Core Concepts
Transducers with Pronunciation-aware Embeddings (PET) can improve speech recognition accuracy by incorporating shared components in the decoder embeddings for text tokens with the same or similar pronunciations.
Abstract
The paper proposes Transducers with Pronunciation-aware Embeddings (PET), an extension to the Transducer model that can encode expert knowledge of a pronunciation dictionary in the model's embedding parameters.
The key highlights are:
- PET models use a novel embedding generation scheme where embeddings for text tokens can have shared components based on the similarity of their pronunciations.
- The paper discovers an "error chain reaction" phenomenon in Transducer models, where recognition errors tend to group together instead of being evenly distributed, and one error is likely to cause other subsequent errors.
- PET models are shown to consistently improve speech recognition accuracy for Mandarin Chinese and Korean datasets compared to conventional Transducer models, primarily by mitigating the error chain reaction issue.
- The authors will open-source their implementation with the NeMo toolkit.
Stats
In the AISHELL-2 Mandarin Chinese dataset, the 5000 characters have a total of 1149 different pronunciations, with many homophones.

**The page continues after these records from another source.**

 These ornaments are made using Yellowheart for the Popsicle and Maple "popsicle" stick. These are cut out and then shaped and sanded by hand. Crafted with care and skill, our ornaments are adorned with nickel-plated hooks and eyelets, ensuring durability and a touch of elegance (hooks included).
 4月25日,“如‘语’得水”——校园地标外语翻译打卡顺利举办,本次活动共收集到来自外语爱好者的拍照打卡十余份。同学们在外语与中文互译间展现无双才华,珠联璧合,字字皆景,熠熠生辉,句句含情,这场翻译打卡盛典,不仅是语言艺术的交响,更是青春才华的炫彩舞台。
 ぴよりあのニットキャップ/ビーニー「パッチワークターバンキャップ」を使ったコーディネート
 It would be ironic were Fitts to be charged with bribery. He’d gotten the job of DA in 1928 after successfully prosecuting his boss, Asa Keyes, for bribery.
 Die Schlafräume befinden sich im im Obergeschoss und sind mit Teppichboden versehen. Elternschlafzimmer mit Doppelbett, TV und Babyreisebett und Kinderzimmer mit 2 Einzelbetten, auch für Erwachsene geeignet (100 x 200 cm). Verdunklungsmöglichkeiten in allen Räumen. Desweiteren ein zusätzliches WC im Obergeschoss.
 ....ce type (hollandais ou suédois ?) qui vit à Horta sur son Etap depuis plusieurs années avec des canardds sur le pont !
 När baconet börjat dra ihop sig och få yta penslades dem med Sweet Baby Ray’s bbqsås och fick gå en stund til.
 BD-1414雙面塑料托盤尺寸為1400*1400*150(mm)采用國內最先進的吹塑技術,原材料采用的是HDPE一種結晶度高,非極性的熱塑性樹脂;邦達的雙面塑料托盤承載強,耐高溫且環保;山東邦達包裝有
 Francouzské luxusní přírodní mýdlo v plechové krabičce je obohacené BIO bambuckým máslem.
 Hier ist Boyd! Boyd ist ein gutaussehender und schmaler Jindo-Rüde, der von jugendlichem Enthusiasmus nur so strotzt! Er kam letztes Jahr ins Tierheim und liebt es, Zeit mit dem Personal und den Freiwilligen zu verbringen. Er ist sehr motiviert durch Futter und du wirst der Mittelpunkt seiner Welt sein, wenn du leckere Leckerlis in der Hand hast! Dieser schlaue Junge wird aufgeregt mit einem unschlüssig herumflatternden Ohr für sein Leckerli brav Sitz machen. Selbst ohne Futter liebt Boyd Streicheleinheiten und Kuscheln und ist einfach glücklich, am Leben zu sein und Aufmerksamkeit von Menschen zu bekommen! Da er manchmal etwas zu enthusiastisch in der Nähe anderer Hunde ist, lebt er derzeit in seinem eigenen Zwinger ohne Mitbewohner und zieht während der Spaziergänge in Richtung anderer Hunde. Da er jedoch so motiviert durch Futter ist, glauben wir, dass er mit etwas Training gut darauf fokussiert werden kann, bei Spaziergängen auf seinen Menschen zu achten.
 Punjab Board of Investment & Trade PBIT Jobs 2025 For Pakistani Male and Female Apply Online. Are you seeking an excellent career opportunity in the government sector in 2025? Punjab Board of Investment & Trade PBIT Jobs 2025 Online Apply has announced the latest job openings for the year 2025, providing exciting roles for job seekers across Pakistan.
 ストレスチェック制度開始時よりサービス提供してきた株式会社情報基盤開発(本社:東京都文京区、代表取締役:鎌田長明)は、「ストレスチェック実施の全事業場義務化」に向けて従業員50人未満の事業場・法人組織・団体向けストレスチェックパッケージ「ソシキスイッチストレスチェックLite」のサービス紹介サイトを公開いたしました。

On the AISHELL-2 iOS-test set, the best PET model achieves a 2.7% relative reduction in character error rate (CER) compared to the baseline.
On the THCHS Mandarin Chinese test set, the best PET model achieves a 7.1% relative reduction in CER.
On the Zeroth-Korean test set, the best PET model achieves a CER of 1.36%, which is the best reported result on this dataset.
Quotes
"Unlike conventional Transducers where the decoder embeddings for different tokens are trained independently, the PET model's decoder embedding incorporates shared components for text tokens with the same or similar pronunciations."
"We uncover a phenomenon that we call error chain reactions. Instead of recognition errors being evenly spread throughout an utterance, they tend to group together, with subsequent errors often following earlier ones."
"PET models effectively mitigate this issue by substantially reducing the likelihood of the model generating additional errors following a prior one."